Mickie Webster: Something like that. Nothing solid, as far as I knew. But he was getting offers. And also Carl imagined Dev had a thing for Kat, which he absolutely did not, but it made Carl jumpy and funny.

Detective Ted Armstrong: How so?

Mickie Webster: I don't know - Carl is normally pretty easy going. The few weeks before Dev died, Carl always looked on the hunt - looking over his shoulder. And he was obsessed with knowing where Kat was - as if he doesn't dog her enough. Now that is something I feel sorry for her about. Her daddy just can't leave her be for a second.

Detective Ted Armstrong: Carl ever tell you what he was upset about?

Mickie Webster: No. He just talked in circles, about the old days and how things are better if you leave them be sometimes, progress isn't everything. That sort of thing.

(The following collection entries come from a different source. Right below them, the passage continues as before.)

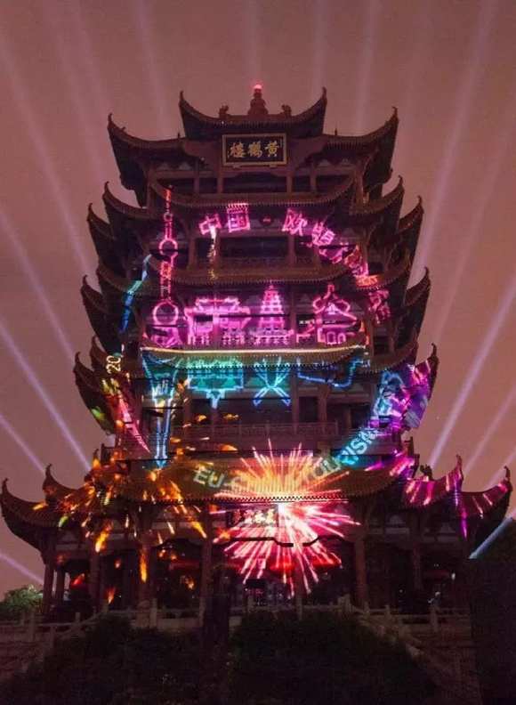 紅、藍(lán)、黃三色彩燈,配合主題燈光秀。將夜色中的黃鶴樓,烘托得美輪美奐。歐盟成員國(guó)代表及上合組織成員國(guó)代表共同見證這一盛事。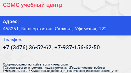 СЭМС, учебный центр по адресу 453251, Башкортостан, Салават, Уфимская, 122 в дальнейшем Организация, размещена в следующих категориях: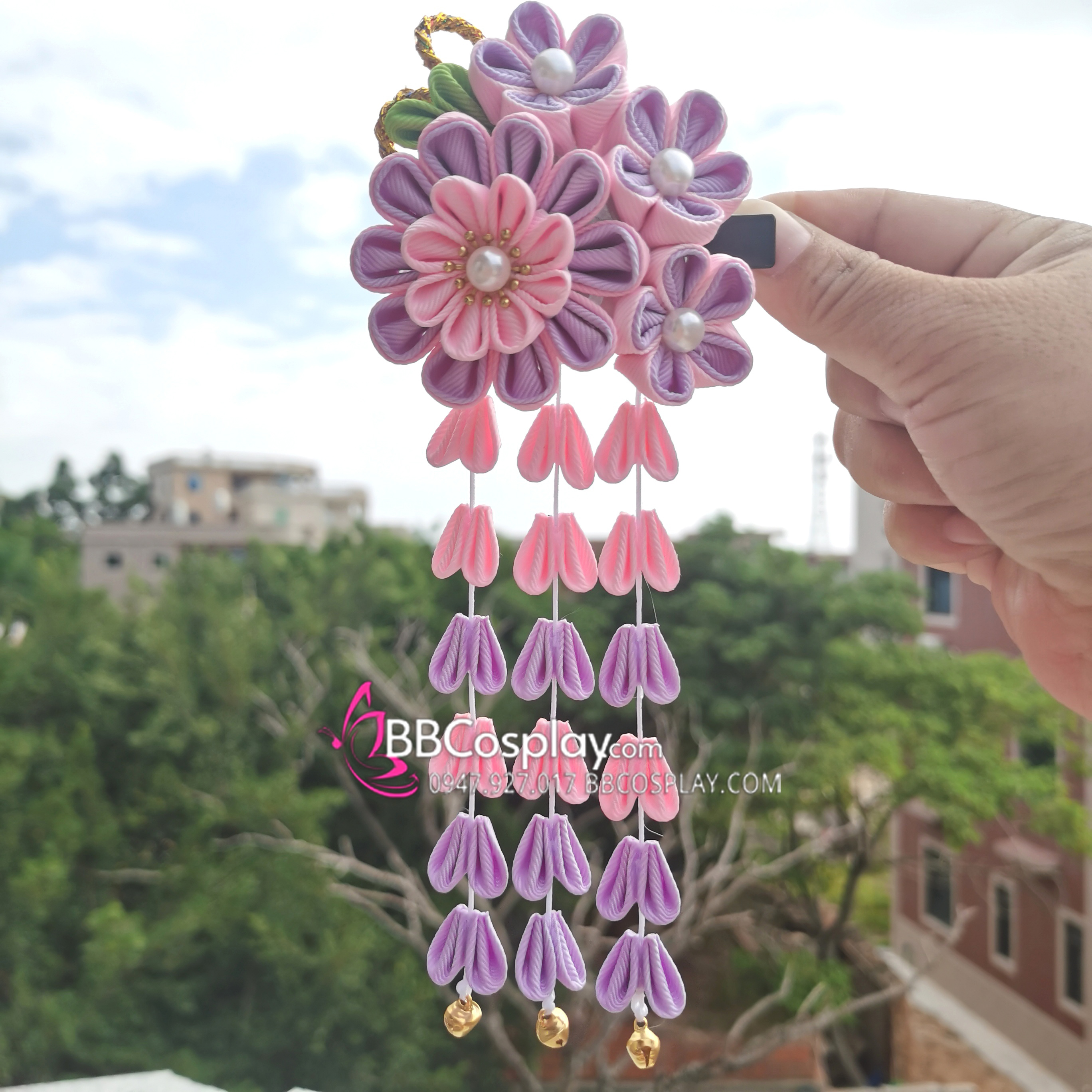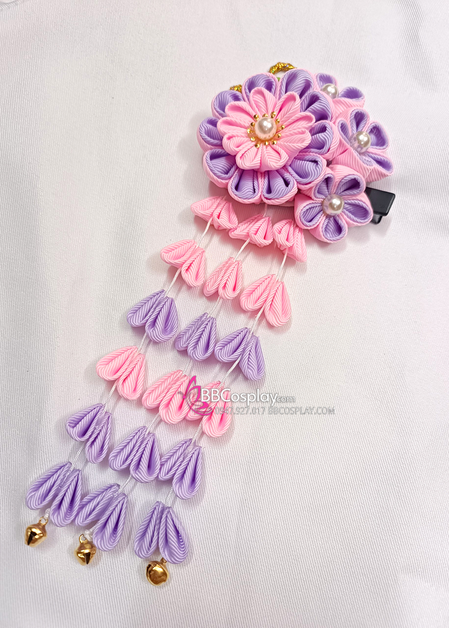 Kanzashi Nhật Bản Tím Hồng Pastel - Lớn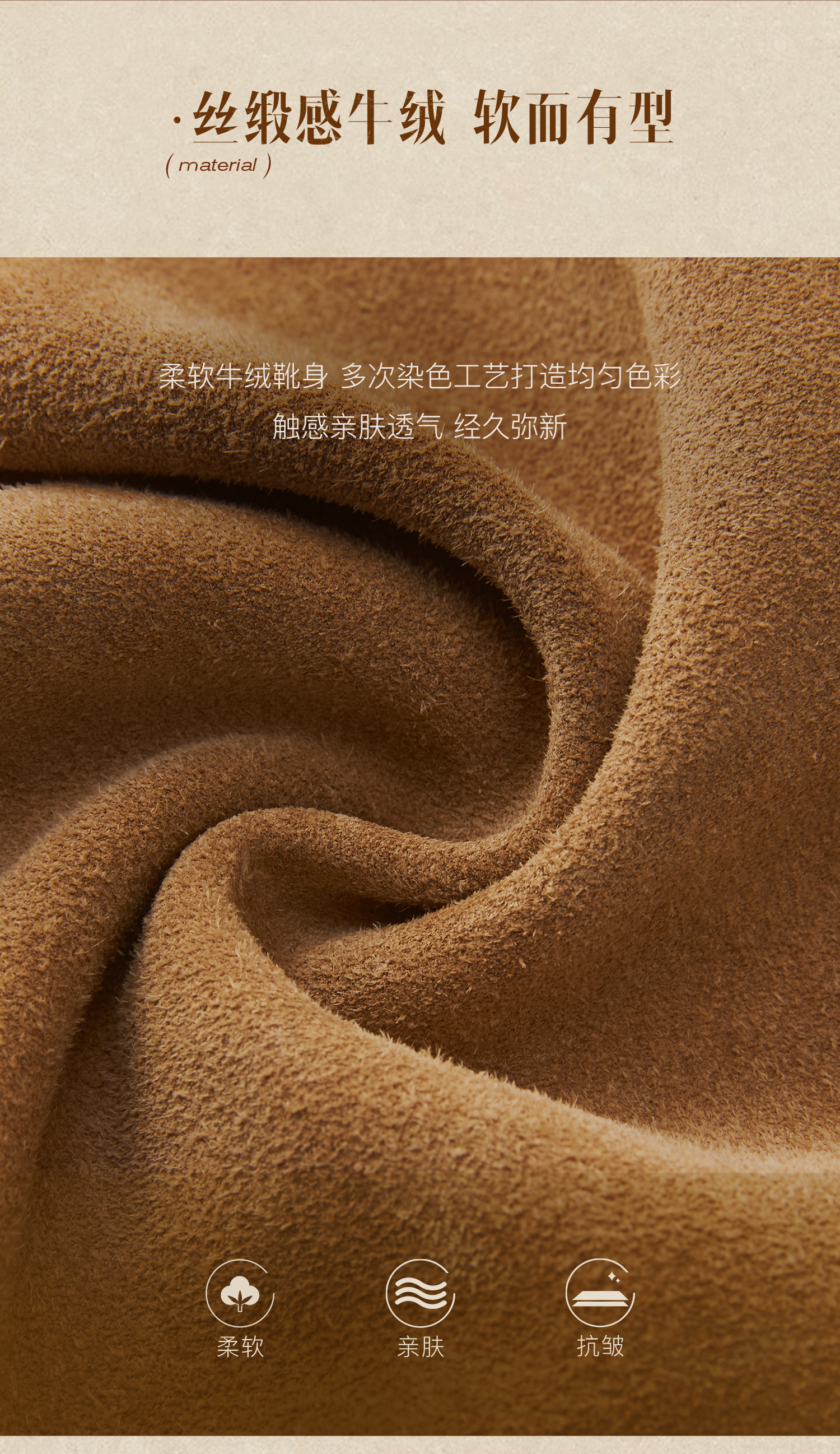 | 鞋垫材质:织物 | 款式季节:冬季 | 皮质特征:绒面皮 | 前掌高度:1CM |

Detective Ted Armstrong: Have you ever known Mr. Dixon to become violent?

Mickie Webster: No. He and Dev argued sometimes, but no blows or physical violence - not ever.

Detective Ted Armstrong: During your relationship with Mr. Beauchamp did you have occasion to see him writing in his journals?

Mickie Webster: Sometimes.

Detective Ted Armstrong: Did he ever allow you to read any of them?

Mickie Webster: No. But he didn't deny them to me either. He kept them in a closet I think, I could have read them if I wanted.

Detective Ted Armstrong: But you didn't?

Mickie Webster: Not really.

Detective Ted Armstrong: Even after the break up?

Mickie Webster: After the break up, I wouldn't have had access to them, would I?

Detective Ted Armstrong: Perhaps you retained his key?

Mickie Webster: Sorry to disappoint you, Detective, but I returned the key to him the day we broke up. I am sure you will find it in his personal effects.

Detective Ted Armstrong: So you have no key to Mr. Beauchamp's home?

Mickie Webster: No sir.

Detective Ted Armstrong: Other than Carl Dixon, to your knowledge, does anyone else have a key?

Mickie Webster: Not to my knowledge sir, no. I'm afraid I will need to get home to get ready for work soon, Detective. Can we finish this up?

Detective Ted Armstrong: Sure, just a few more questions, then we're done. Where were you on January 2, 2010 between the hours of 11 p.m. and 1 a.m.?

Mickie Webster: I was home, with a migraine.

Detective Ted Armstrong: Was anyone with you?

Mickie Webster: No... But I did get a call from a girlfriend... that night.

Detective Ted Armstrong: What time was that?

Mickie Webster: It was about 11:30 I think...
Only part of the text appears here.